Original link:tecdat.cn/?p=4027
\
Business background
The application of E-mail has become very extensive, which has brought great convenience to people’s life. However, as a by-product of its development — spam, it has brought a lot of trouble to the majority of users, network administrators and ISP(Internet service providers). The problem of spam is becoming more and more serious and has been widely concerned by researchers. Spam usually refers to electronic mail that is forced into users’ mailboxes without their permission. For the spam using mass sending technology, we must use some technical means to carry out anti-spam work. At present, anti-spam technology mainly includes spam filtering technology, security management of mail server and improvement of simple mail communication protocol (SMTP).
WEKA text segmentation preprocessing
Firstly, two kinds of mail documents in the training set folder are analyzed, and the characteristics of the two kinds of files can be automatically analyzed from different angles, and the algorithm can be written to build the classification model.
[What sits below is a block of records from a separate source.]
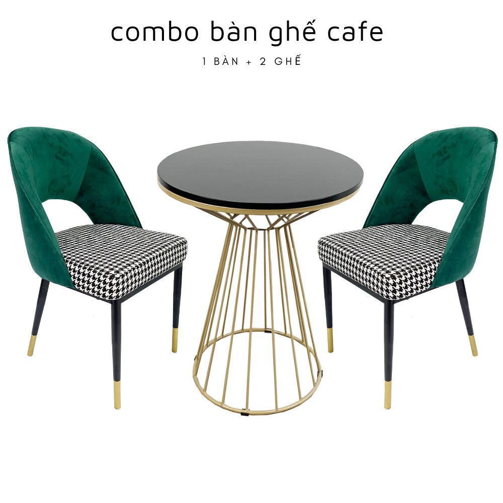 Bộ bàn cafe tròn và 2 ghế nệm vải caro
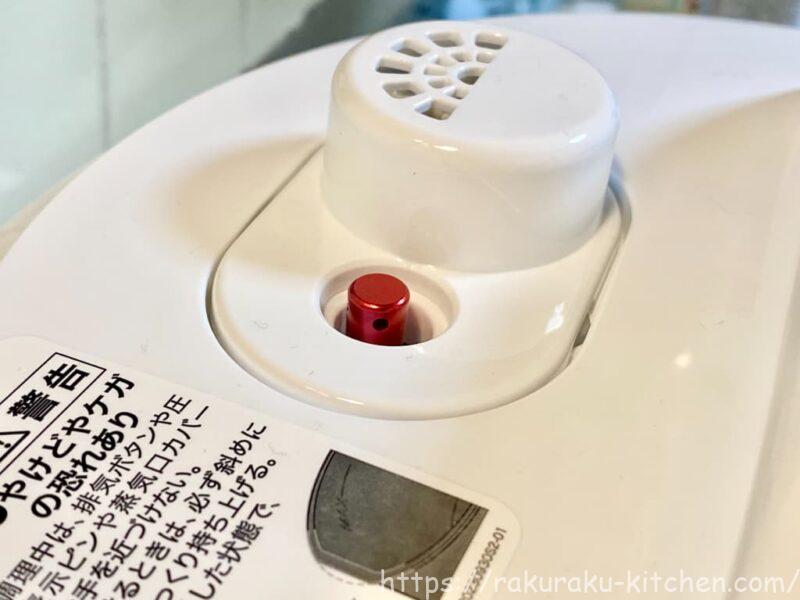 圧力調理が開始されると、赤色の圧力ピンが上に上がります。ピンが下がって(減圧)からフタを開けます。
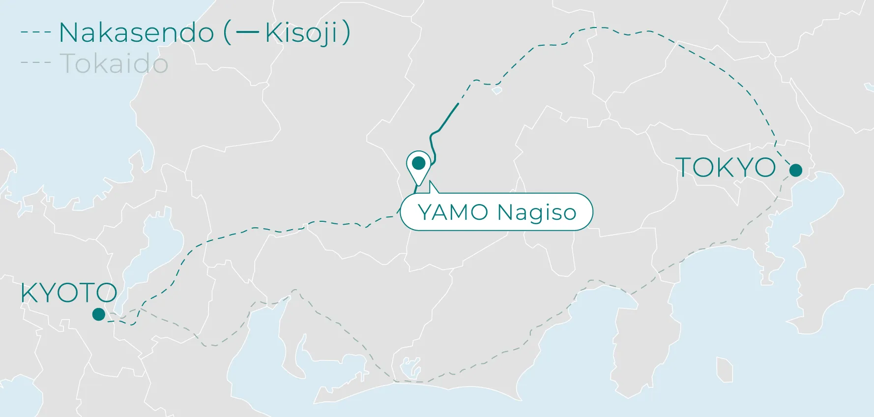 Nagoya IC → (60 min via Tomei & Chuo Expressways) → Nakatsugawa IC → (30 min via Route 19) → Nagiso Town → YAMO Nagiso
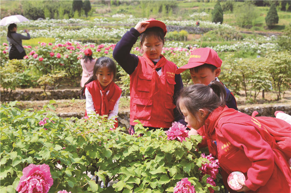 这里的万亩牡丹园,景色非常壮观。一朵朵雍容华贵的牡丹争奇斗艳,芬芳迷人,有白的、黄的、红的、桃红的、紫色的……有的花开似碗口那么大,蔡梦琪弯下腰,仔细观察一朵红牡丹,它的叶子像枫叶,那一层一层的红色花瓣包裹着金黄的花蕊,在绿色叶子的衬托下显得格外美丽。有些还是含苞欲放的花骨朵儿,“它就像一位害羞的小姑娘,遮遮掩掩地不敢见我。”
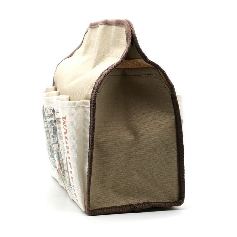 側面に6つのポケットが付いた、高さのあるティッシュボックスケースです。ティッシュ箱は薄いタイプが3個入るので、ストックケースとして兼用できます。ポケットにリビング周りの小物を入れられる、便利な収納アイテムです。
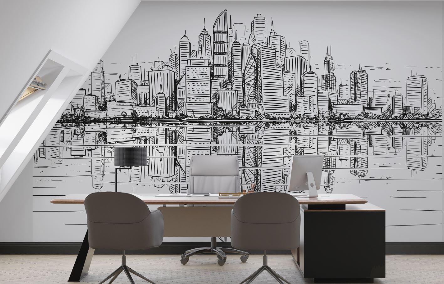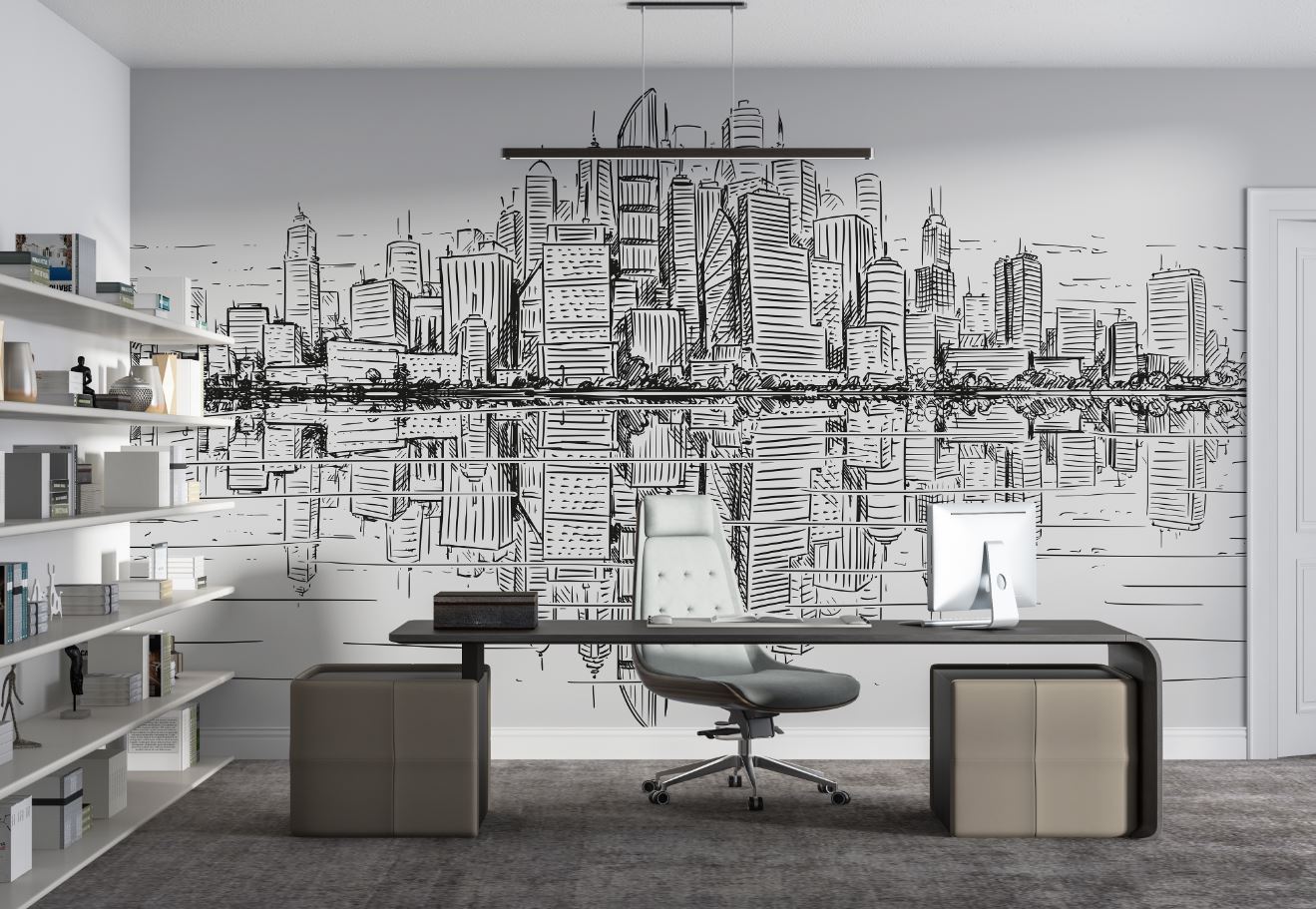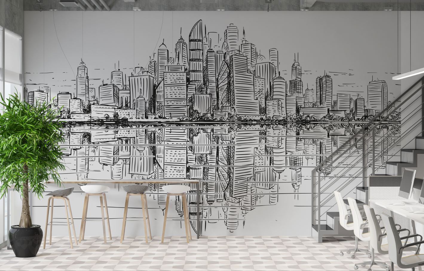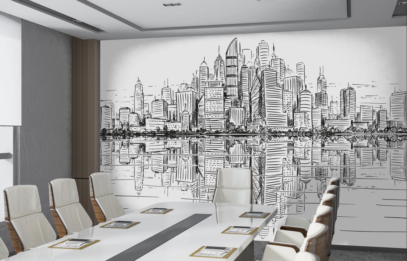 • Mimar ofisi Duvar Kağıdı , Karakalem tarz Binalar 3 boyutlu şekilde satın alın!
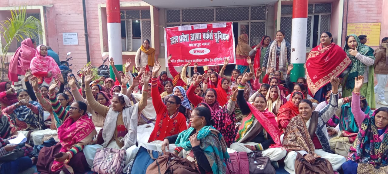 सीएचसी घाटमपुर में आशाओं का धरना, मानदेय भुगतान की मांग
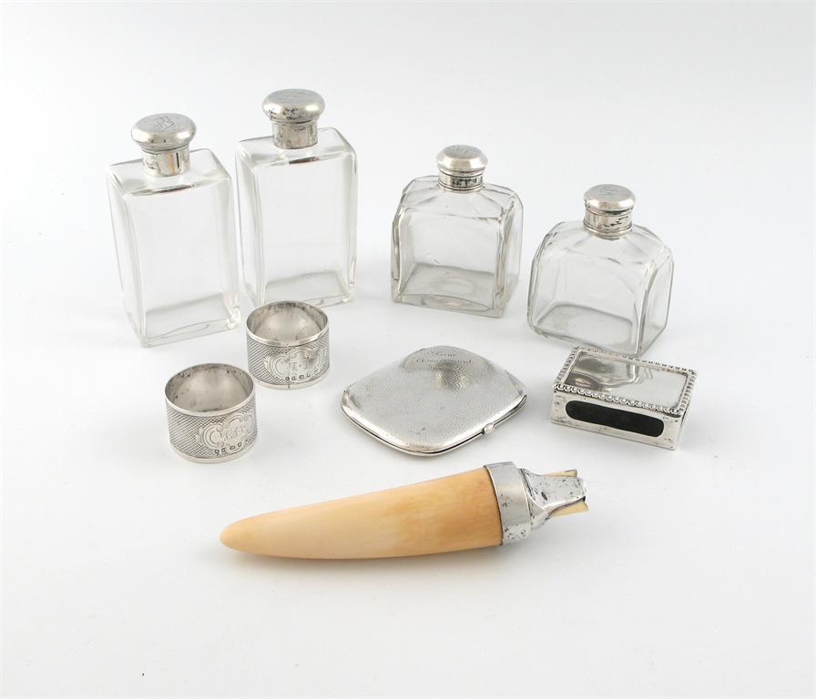 A mixed lot of silver items, various dates and makers, comprising: two pairs of silver mounted scent bottles, (one cracked), a cigarette case, a match box, two napkin rings and a silver mounted ivory handle. (9)
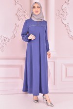 Dantel Detaylı Elbise Mavi ORG6710
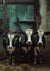 Dieses Gemälde zeigt drei schwarz-weiße Kühe dicht beieinander in einem Schuppen mit einer grünen Tür und hängenden Ketten im Hintergrund.
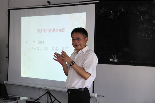 来新安教授为营员们进行商务谈判技巧培训。来新安教授为啄木鸟集团、武汉新联大集团、以及温州很多企业担任首席谈判代表,具有扎实的理论功底和丰富的企业管理经验。
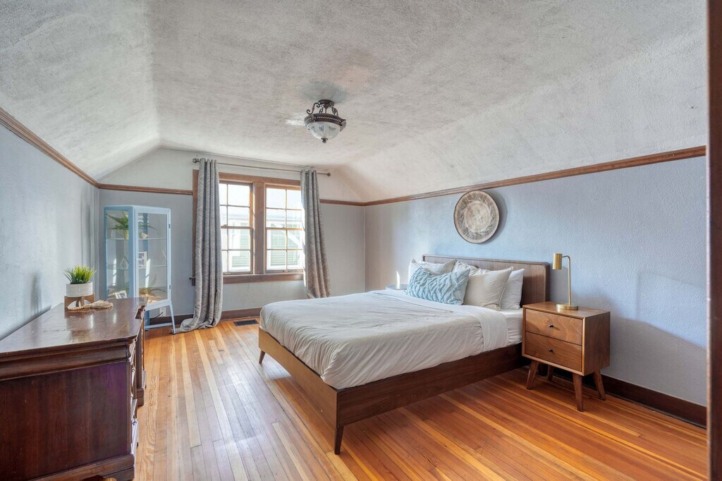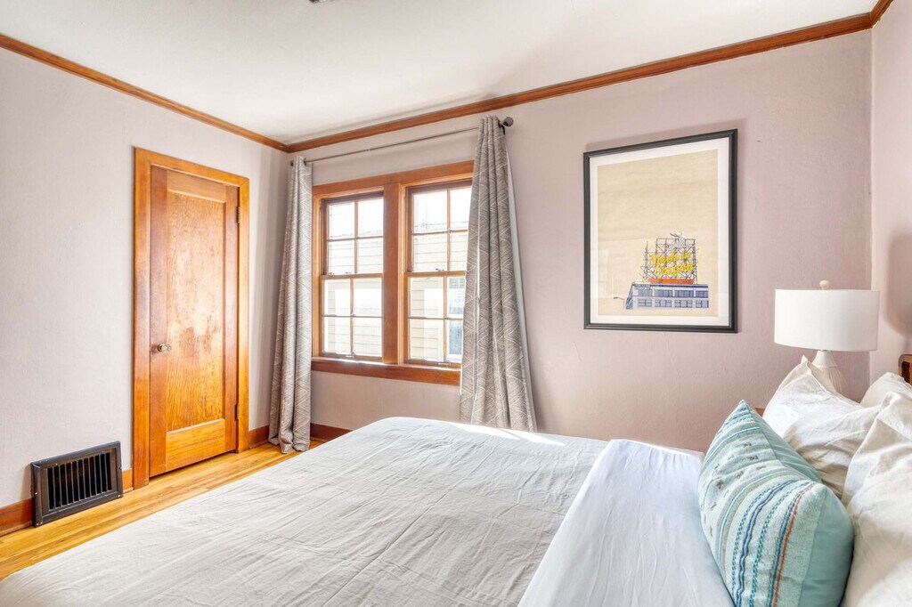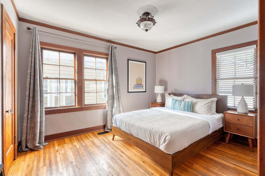 Feel at home in this charming, cozy, and spacious home located in the heart of the Hollywood District, boasting a WalkScore® of 93. This original Portland home has been recently renovated, giving you a unique modern feel in a historic neighborhood. Tastefully furnished in true Portland fashion, the living room is cozy and relaxed, perfect for cuddling up and watching movies on the 50" LED flat-screen TV with cable and AppleTV equipped with Netflix access. The fully equipped kitchen features new appliances, and there's a big table in the spacious dining room to easily host your crew, with a New Seasons less than two blocks away. After a day of walking, shopping, and eating, you'll love coming home to the super comfy queen-size beds in each of the bedrooms. A central air conditioner and a window AC unit upstairs ensure a relaxing temperature. Pets are welcome with a fee of $99 per dog, with a maximum of 2. Get an authentic taste of Portlandia with local restaurants, markets, and shops all within walking distance. Blazing fast Wi-Fi is great for streaming or for those who need to get some work done. Check-out is by 11AM with self check-in using a keypad. Quiet hours are from 10pm-8am, and smoking tobacco or marijuana inside will result in a $150 penalty. Events and/or parties are strictly prohibited and will result in fines per host discretion and immediate eviction. Any unauthorized guest is subject to a $150 per guest penalty. Undeclared pets are subject to a $200 per stay penalty. Any unauthorized early check-in or late check-out is subject to a $75 fee. Lost, missing, or otherwise unreturned keys are subject to a $100 fee. Missing remotes will incur a $50 fee. Violation of house rules may result in eviction and/or monetary fine. Please remove your shoes when indoors. Please lock all doors and windows when not at home. Please do not have any mail or packages delivered to the home. Spring through Fall is the sugar ant season throughout the Pacific Northwest, so please store items accordingly and clean thoroughly after cooking and eating, and dispose of food waste promptly. Items left behind can be shipped to you at the cost of shipping + a $10 processing fee. Excess cleaning may result in an additional cleaning fee. Unauthorized use of extra beds or bedrooms will result in a fine of $75. [SI]
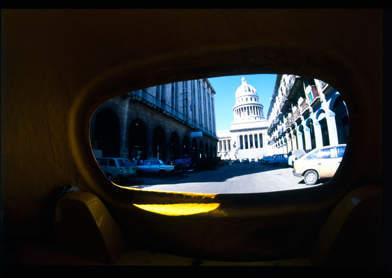 キューバの首都ハバナで、人力タクシーの後窓から
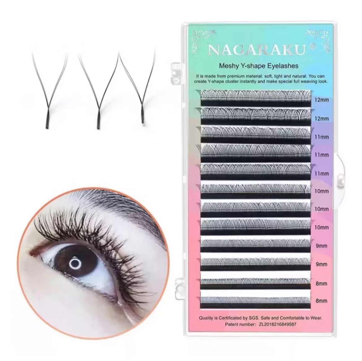 Os Cílios em Y da Nagaraku, são fabricados com um material de altíssima qualidade chamado fibra nobre de PBT e produzidos com alta tecnologia.
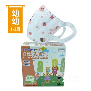 點我下載台灣製 "永猷"3d立體醫用口罩 幼幼款1-3歲(未滅菌)50入/盒 ~
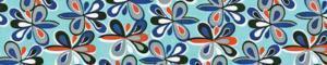 This modern design features abstract flowers in blues, greys, white and red on a light blue background.
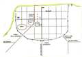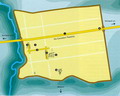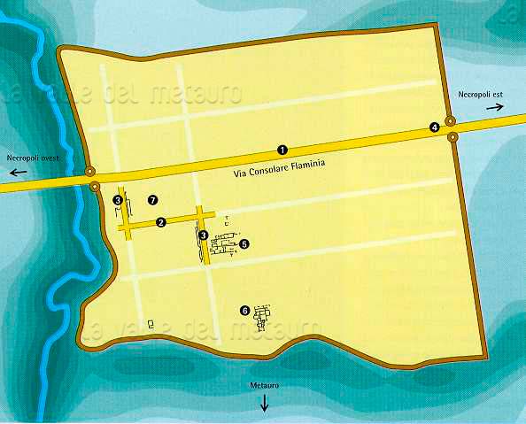 Pianta di Forum Sempronii a San Martino del Piano (Fossombrone) (disegno G. Gori). Nella pianta, che riproduce l'impianto della cittŕ, sono indicati i principali resti riportati alla luce dallo scavo archeologico: 1) Decumanus maximus, 2) Decumanus minor, 3) Cardo, 4) Porta Gallica, 5) Domus, 6) Edificio termale, 7) Insula
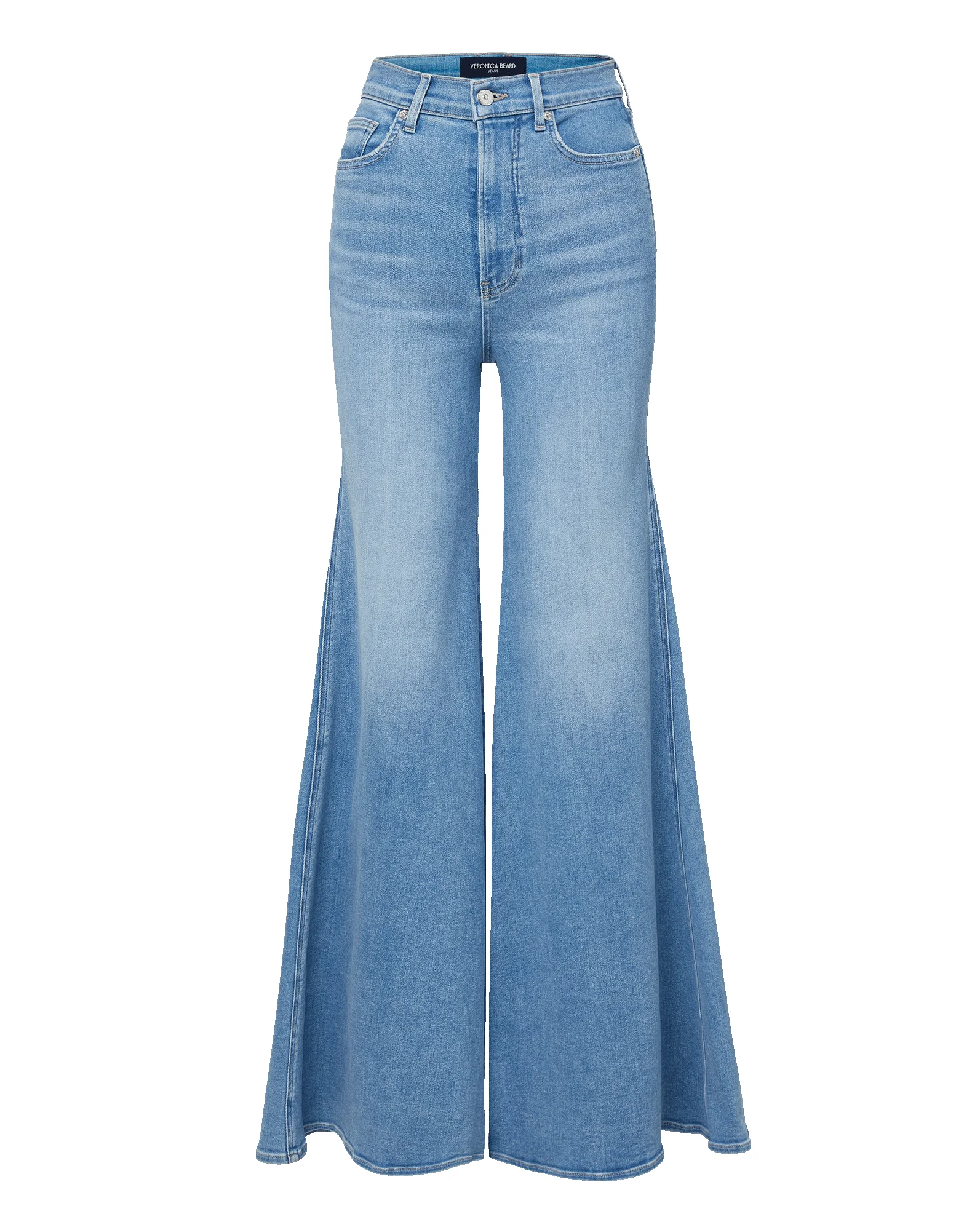 Product details Statement proportions, perfected. Made in LA from premium Italian stretch denim, the Jesse jean is defined by exaggerated, full-length flares. In a light blue wash, it's both high-impact and effortlessly cool. Our signature V-shaped belt loop completes the look. Pair with a slim-fit, long-sleeve tee or a floral blouse to play up the retro vibes. - 81% Cotton, 11% Lyocell, 6% Elastomultiester, 2% Elastane - Made in LA from premium Italian denim - Closure: Zip fly - Turn inside out and machine wash cold. Hang to dry. Color transfer may occur. - Style #J2602D540228P9
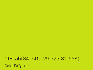 CIELab 84.741,-29.725,81.668 Color is a normal yellow color and the nearest color is Bitter Lemon #cae00d. Hex code #c7e013 and RGB value is rgb(199,224,19). In RGB color space, this color is composed of 78% red, 88% green, 7% blue, In CMYK color space, this color is composed of 11% cyan, 0% magenta, 92% yellow , 12% black , In HSL color space, this color has a hue angle of 67° , 84% saturation and 48% lightness.

First set up the working directory, and read the classified text file
You can see the frequency histogram of spam and non-spam
Then word frequency matrix file is obtained by word segmentation of the original corpus
The classification histogram of each word frequency is obtained
After the word frequency matrix is obtained, the classifier is modeled
2. Analyze the attributes in corpus and find out the attributes contributing to classification (that is, those words only appear in positive, those words only appear in negative, and those words appear in both categories)
3. Find the classification rules that distinguish positive from negative (i.e., which words together result in positive and which words together result in negative)
It can be seen from the result that cell efficiengcy however breast rates and cell efficiengcy have great influence on the final classification result, for example, “however” is generally a negative word.
WEKA text word segmentation results comparison
The accuracy and confusion matrix of each classifier are obtained below:
NaiveBayes |
---|
Logistic |
J48 |
RandomForest |
SVM |
OneR |
conclusion
Spam filtering based on discriminant method has attracted little attention in modern research. The results clearly show that the classification method based on random forest and SVM model can effectively improve the accuracy and accuracy of spam filtering compared with the traditional method.